Countless examples riddle the news, as Christians in Nigeria persistently face persecution and annihilation in some of the most gruesome ways. In one recent example, ISIS executed 11 Christian men in Borno State, Nigeria. A video released by the terrorist group shows one of the men being shot, while ten others were beheaded.
Masked by a black hood, one of the terrorists in the December 26 video shared a message for the followers of Christ in the region: "Those who are seen in front of us are Christians, and we will spill their bloods to avenge our glorious sheikhs – the caliph of Muslims [Abu Bakr al-Baghdadi], and the official spokesman of the Islamic State Sheikh Abu Al-Hassan Al-Muhajir, may Allah accept them."
On the same day the video was released, Boko Haram also beheaded a Christian bride and her bridal party days before her wedding in northeast Borno State.
As the world watches the seemingly unending assault against Christian Nigerians, an author for the Critical Threats Project says "the U.S. is planning to wind down its counterterrorism footprint in Africa and is turning a blind eye to the Islamic State's largest African affiliate just as this group becomes deadlier." The greater threat to U.S. interests in Nigeria is quickly becoming the Islamic State of West Africa (ISWA).
Burton attests that "tens of thousands of [Nigerian] people have been murdered by Islamic insurgences." Armed terrorist groups, like ISWA and Boko Haram, "consider themselves the forerunners of an Islamic Caliphate in Nigeria," he adds.
Nonetheless, Burton claims, "the chief homicidal crisis in country during the last five years has been a genocidal war of forced evacuation of sedentary agriculturalists by semi-nomadic pastoralists, the so-called farmer-herder conflict."
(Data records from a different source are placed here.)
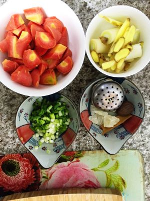 红萝卜切滚刀(土豆也可以哦)葱花.冰糖.调料盒里放入花椒粒和八角.桂皮一块.草果一个.
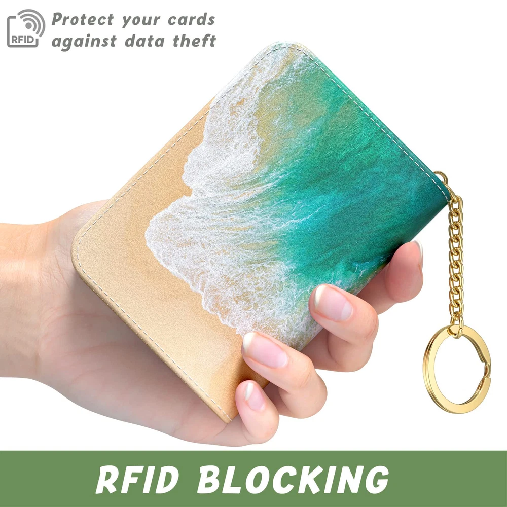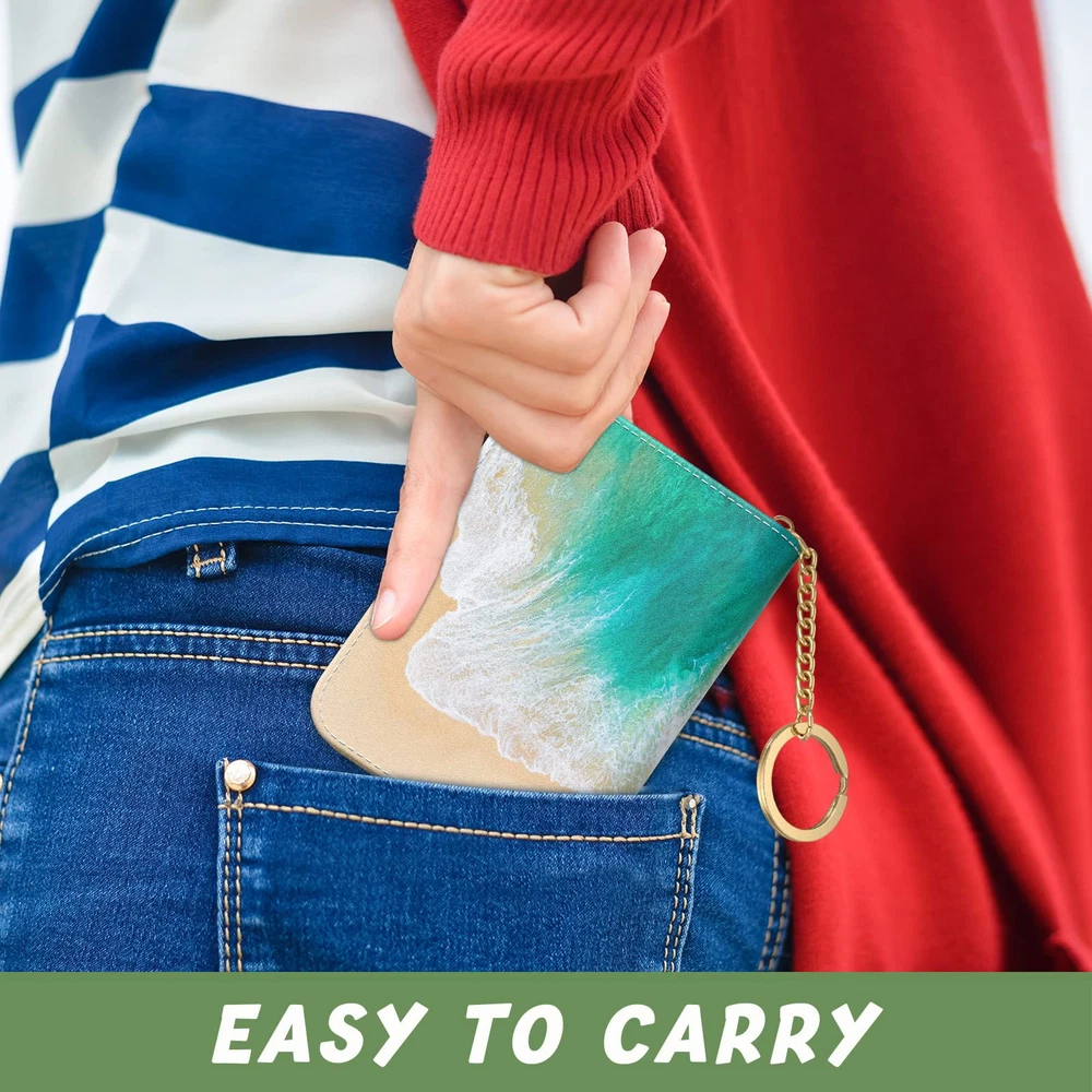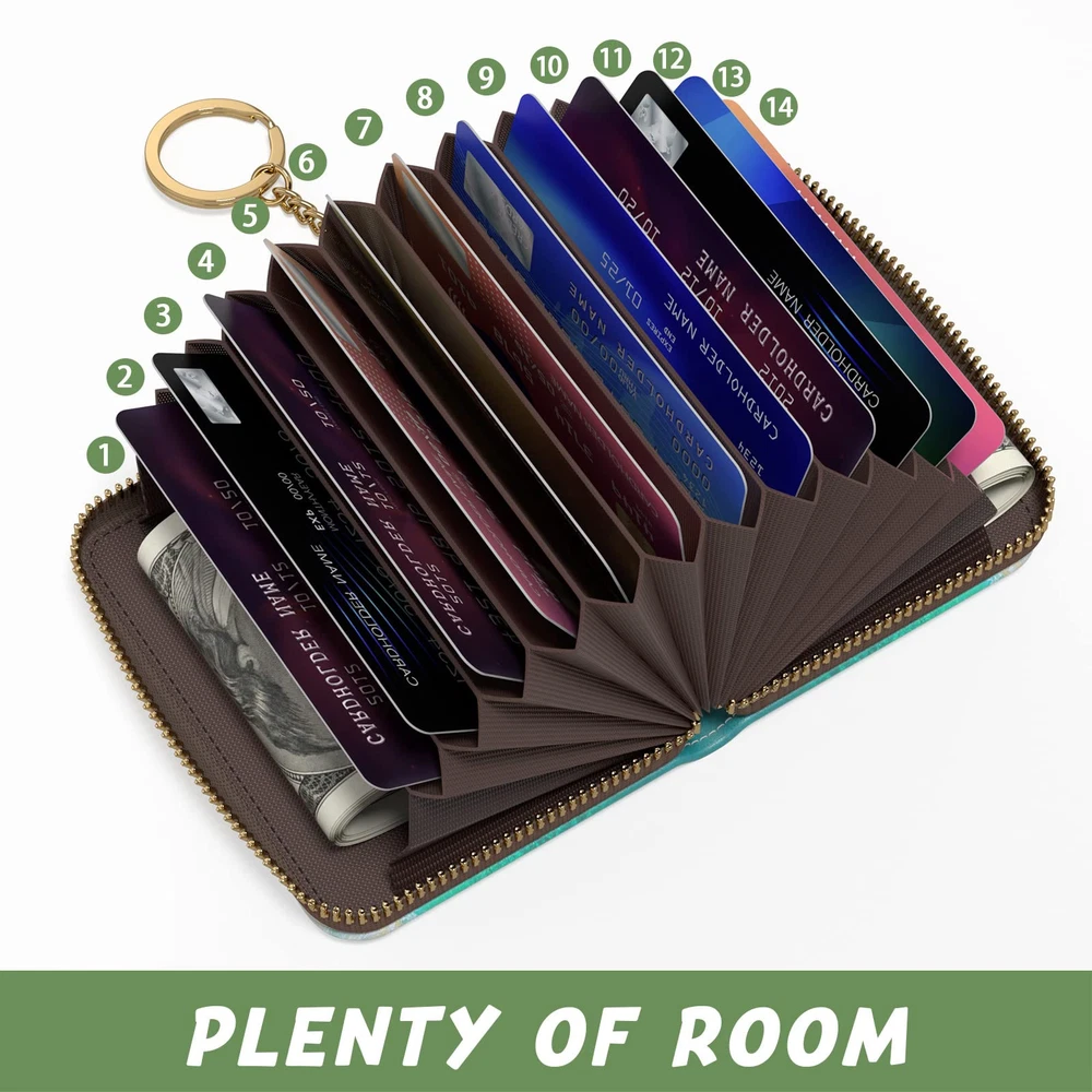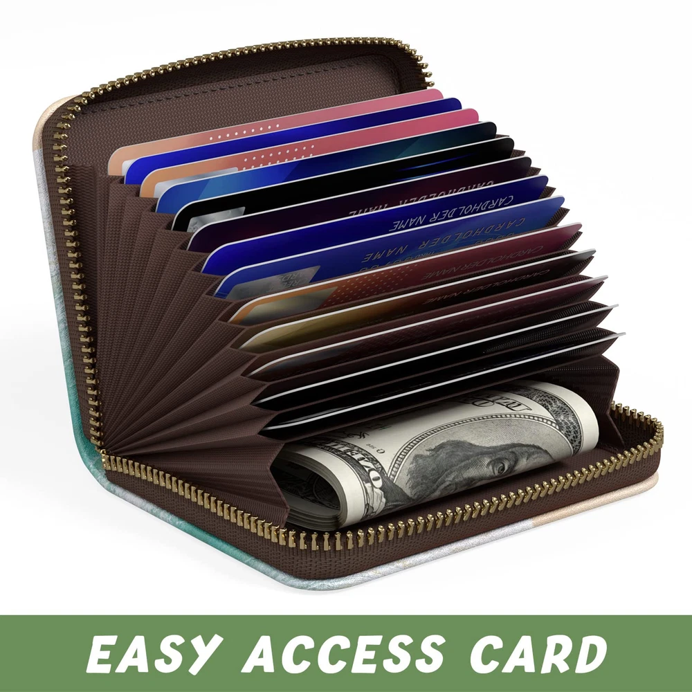 Description credit card holder for women small RFID card wallet slim mini leather business ID card organizer case zipper keychain Small Body And Large Capacity: Measuring 4.33 x 3.15 x 0.98 in includes 9 credit card slots, and 2 cash slots. Small and lightweight to carry for travel, shopping, outing. Zipper Closure Design: Designed with Zipper Closure to protect your credit card from missing. Leather Material: / Made of genuine leather material, texture soft. RFID blocking designed lining keeps your vital information secure. / Internal Structure: 1 x zippered, 1 x keychain, 12 x credit card slots, 2 x cash slots can hold plenty cash. Accordion slots style design womens card purse, small and compact enough to organize your cards. Perfect Gift: It fits as a perfect gift under all festivals and occasions like Father’s Day, Valentine’s Day, Christmas, New Year etc. Protable and Compact Size: This slim credit card holder for women measures 4.33 x 3.15 x 0.98 inch, only 2 oz weight, fits perfectly in your pocket and purse. Comes with extra key chain for easy carry when shopping or traveling Plenty of Room: Compact card holder wallet designed with 12 card slots and each slot can hold 1 - 2 cards, perfect to hold your credit card, ID card, shopping cards and more. Specially designed with 2 extra wide slots for bills, folded cash and receipts Privacy Protection: RFID credit card wallet with advanced RFID blocking technology, can perfectly block unwanted RFID readers from obtaining sensitive private information. Always protect your credit card, ID information from unauthorized scanning High Quality Materials and Workmenship: This credit card holder are made of premium PU leather, smooth, anti-fray and soft to touch. Each the leather card wallet is individually hand stitched ensures a long lasting life and durability Great Gift Idea: Cute zipper wallet with unique design, simple but fashionable, it matches with your youth and vitality and individuality. Available in multiple style, boho, floral, marble. It is the best gift choice for mother's day, thanksgiving day
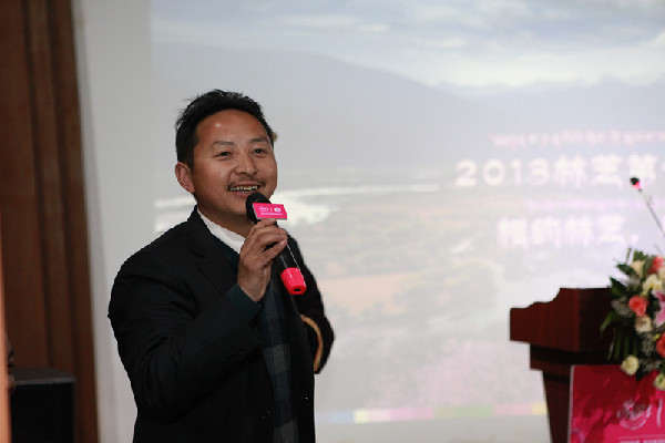 西藏林芝县副县长才旺边旦介绍桃花节筹办环境
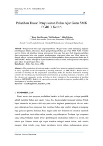 Penyususnan buku ajar sangat diperlukan sebagai sarana untuk menunjang kegiatan pembelajaran dikelas, khususnya dalam pengembangan bahan ajar. Pada SMK PGRI 3 Kediri saat ini belum ada pelatihan tentang penyusunan buku ajar bagi guru baik kegiatan pelatihan dasar penyusunan buku ajar maupun pendampingan penentuan bahan ajar. Oleh karena itu, dengan adanya kegiatan pengabdian masyarakat dalam pelatihan dasar penyusunan buku ajar di SMK PGRI 3 Kediri, diharapkan dapat memberikan manfaat untuk meningkatkan keterampilan guru dalam pengembangan bahan ajar.
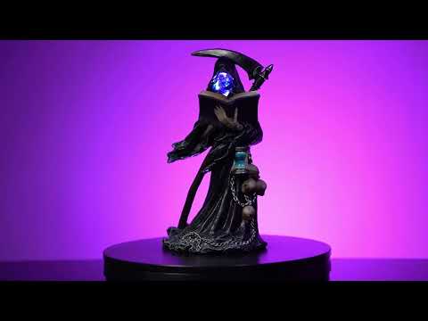 Mysterious Grim Reaper met een zeis en leidde lantaarn. Op een halve maan gemaakt van meerdere schedels. Gemaakt van stevige polyresin met een luxueus, zwaar gevoel.
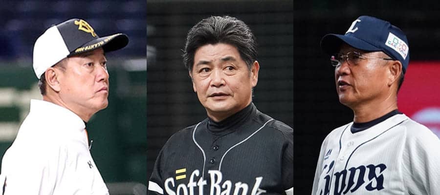 巨人・原監督、ソフトバンク・工藤監督、西武・辻監督(左から)【写真:読売巨人軍、荒川祐史】
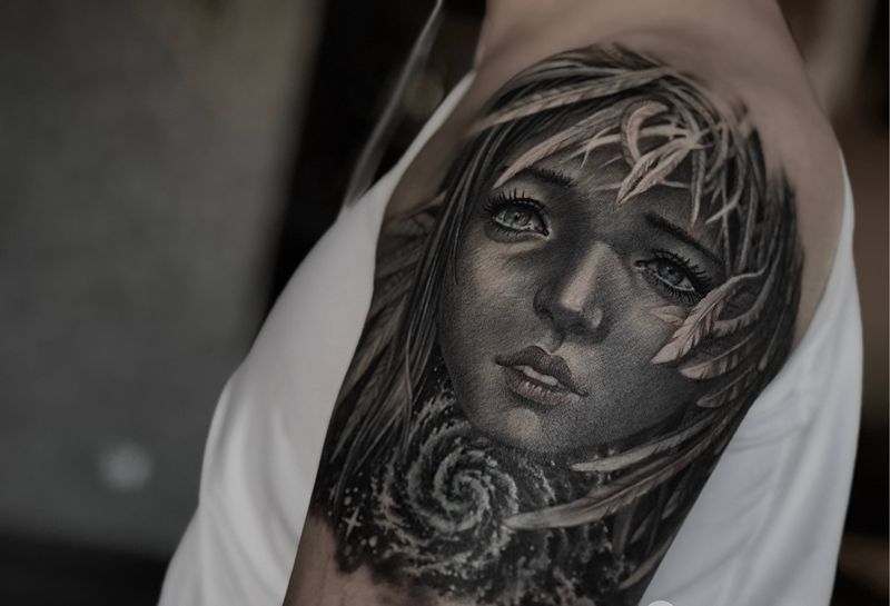 当前位置: 首页 >辽宁省大连市纹身店-大连华龙堂刺青纹身图案>大连华龙堂刺青纹身图片_肩部欧美写实修改覆盖纹身图案
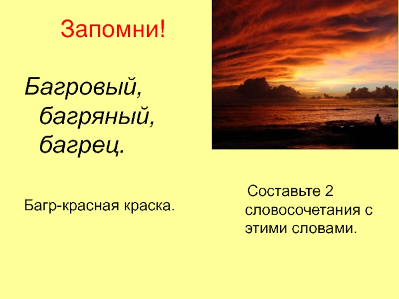 Запомни!Багровый, багряный, багрец.Багр-красная краска.  Составьте 2 словосочетания с этими словами.
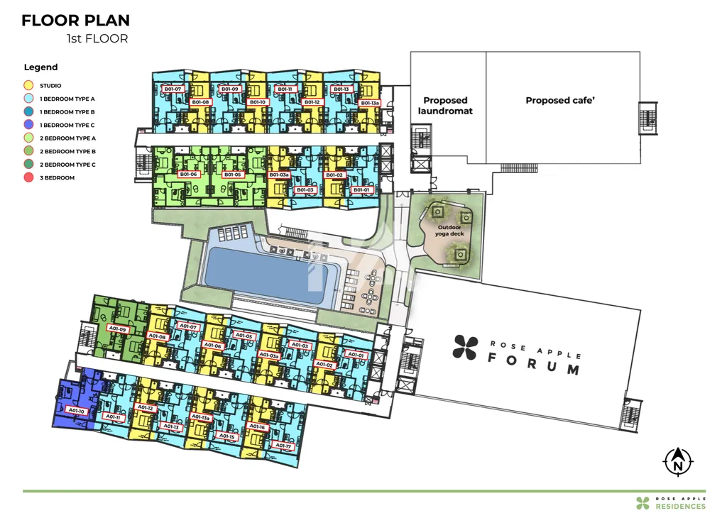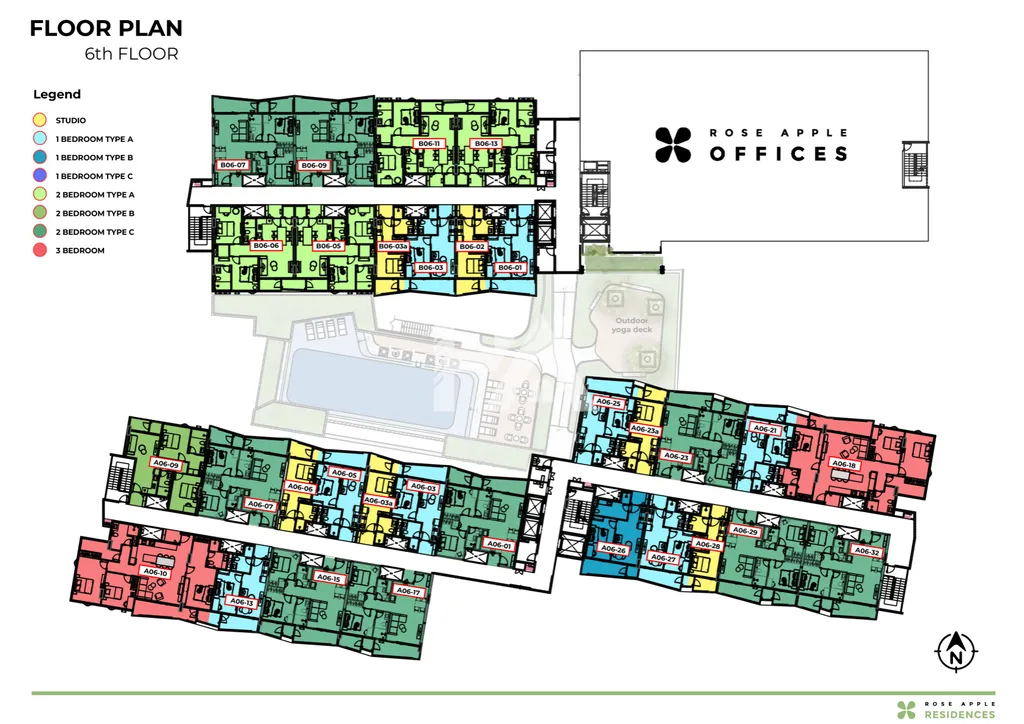 Rose Apple Residences – This is the main residential section with 207 condo units, from 32 m² studios up to 136 m² three-bedroom units. The homes are located on floors 2 to 6 across two mid-rise blocks.
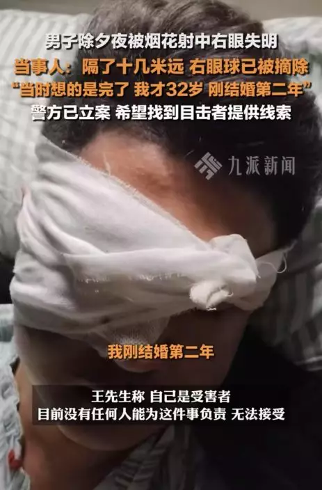 綜合內媒報導,安徽淮南一名32歲王姓男子於1月28日晚間和妻子在當地八公山記憶廣場觀看煙花爆竹時,不幸被炸傷右眼,導致右眼球最終被摘除,「我們是站在距離燃放點大約10米的位置,當晚8時50分左右,有人燃放煙花爆竹,我的眼睛突然一黑,右眼看不到東西,鮮血直流」。
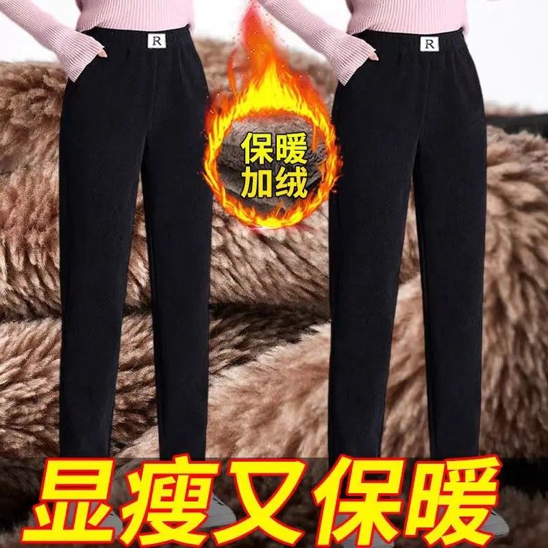 保暖裤 女2025年欧货秋冬松紧腰休闲阔腿裤 子 卫裤 加厚奥粒绒弯刀裤
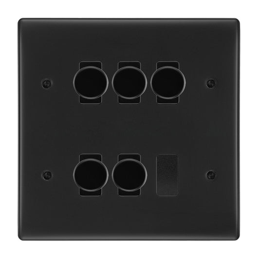 BG Matt Black 5 Gang 2 Way Trailing Edge Dimmer LED Compatible Custom Grid Switch
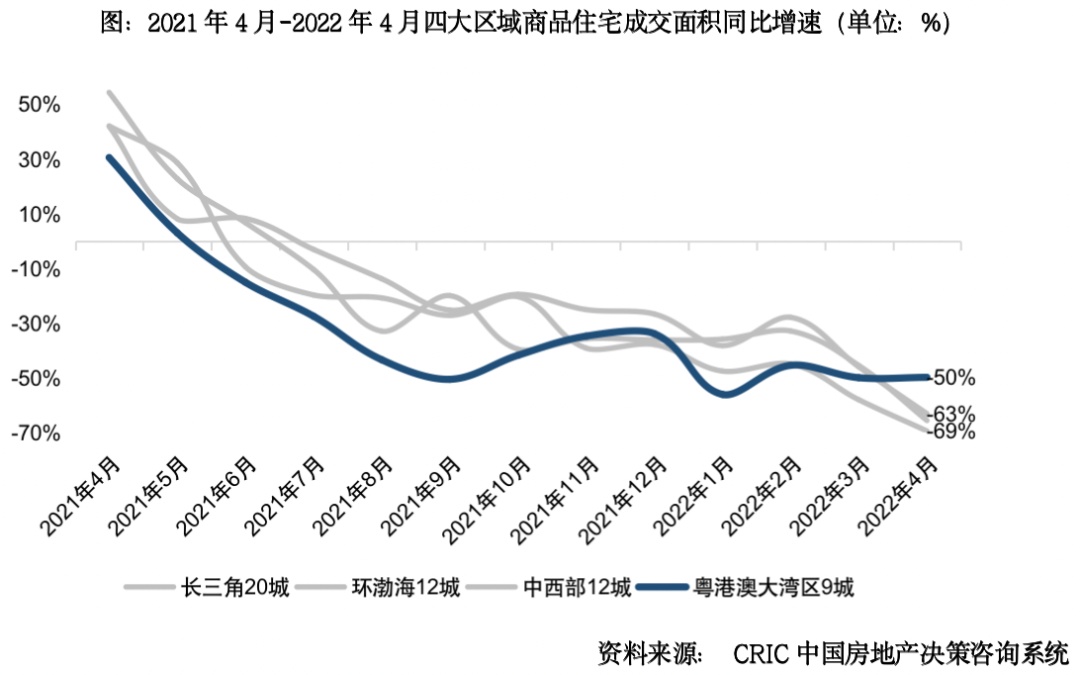 2022年“奥密克戎” 新冠肺炎疫情反复中长三角、环渤海(包含京津冀)、中西部等地区均遭受严重疫情,而粤港澳大湾区至5月初仅广州1城受到短期静态管控,宏观经济与房地产市场受疫情影响相对较小。
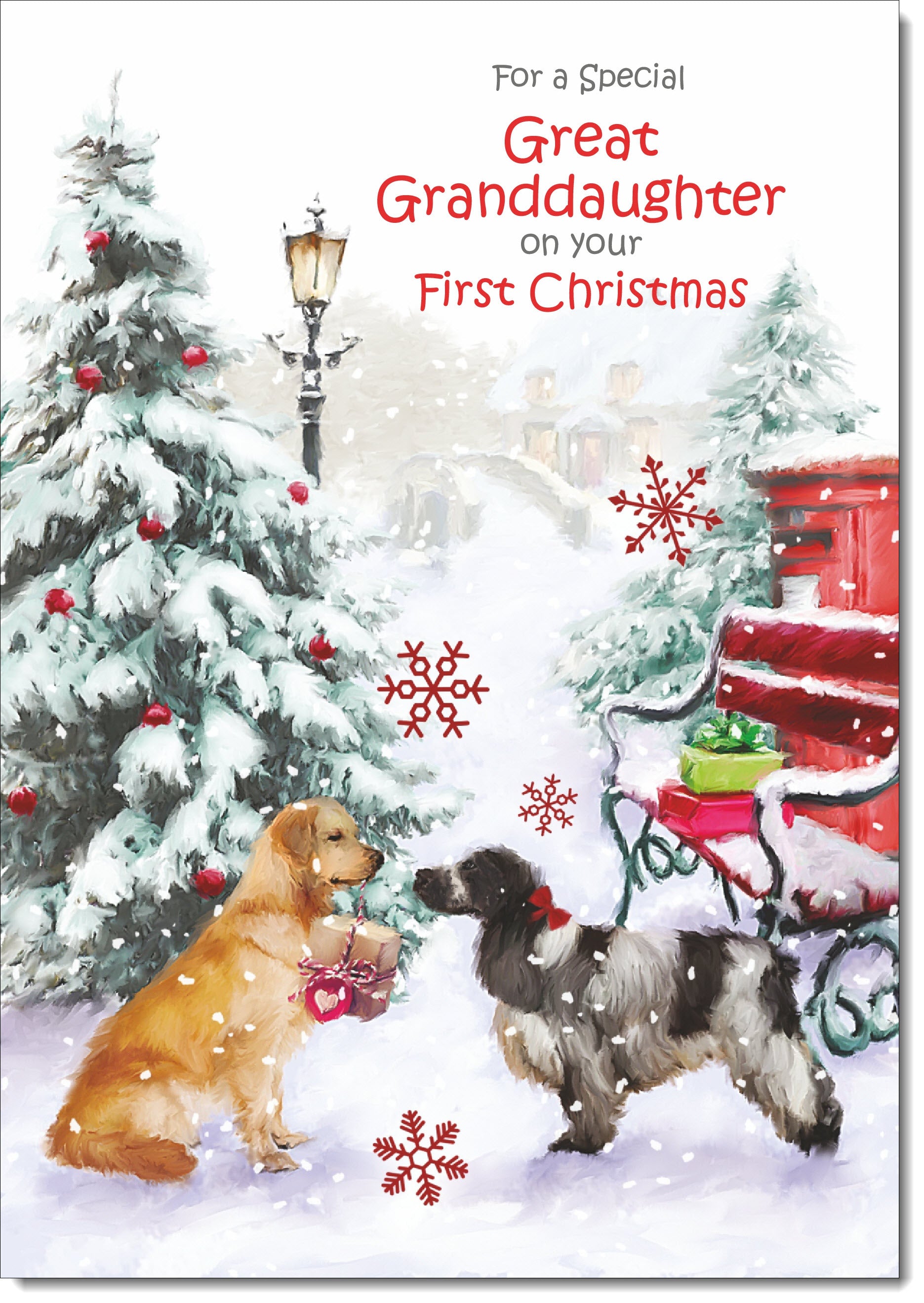 Great Granddaughters 1st Christmas Card Two Dogs in Snow
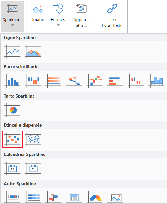Cliquez sur Sparkline et sélectionnez le sparkline d'étincelle dispersée sous Étincelle dispersée dans la liste.

"This tragic war is less understood by observers and by some Nigerians themselves," the news writer and commentator suggests. The ethnic Fulani tribesmen are not necessarily considered "warring militias," but according to Burton, "[they are] loosely organized bands, sometimes numbering in the hundreds, who attack rural villages by night, killing men, women and children with abandon, only to disappear into the bush in a few hours."
"[Nigerian] security officials and government spokesman routinely discount that religious ideology is a factor in the attacks," he continues. "[Instead, they insist] that the bad actors are criminals only – not terrorists. These officials," he emphasizes, "invariably, are Muslims."
The former State Department official observes "some analysts insist that the conflict is simply a fight over scarce resources of land and water." However, Burton discloses he has been told in dozens of interviews that "the murdering bands are ethnic Fulani tribesmen who act both out of material interest and because they feel justified by virulent, Jihadist beliefs."
While the Fulani continue to advance the movement of Christian genocide, the Nigerian Army is engaged in battle with Boko Haram and ISWA. "[ISWA is] demonstrating greater initiative not only in Nigeria but in bordering nations," Burton notes.
"These organized insurgencies [of Boko Haram and ISWA] no longer hold well-defined territory as they did in 2015," he concludes, "but both successfully have forced the removal of Christian communities in the three northern states of Yobe, Borno and Adamawa."
This past week, ISWA killed 20 soldiers and destroyed at least 750 homes, displacing almost 1,000 people. "ISIS is poised to break out in Nigeria due to weak law-enforcement and low morale of the Nigerian military, some of whom have mutinied under duress," Burton warns.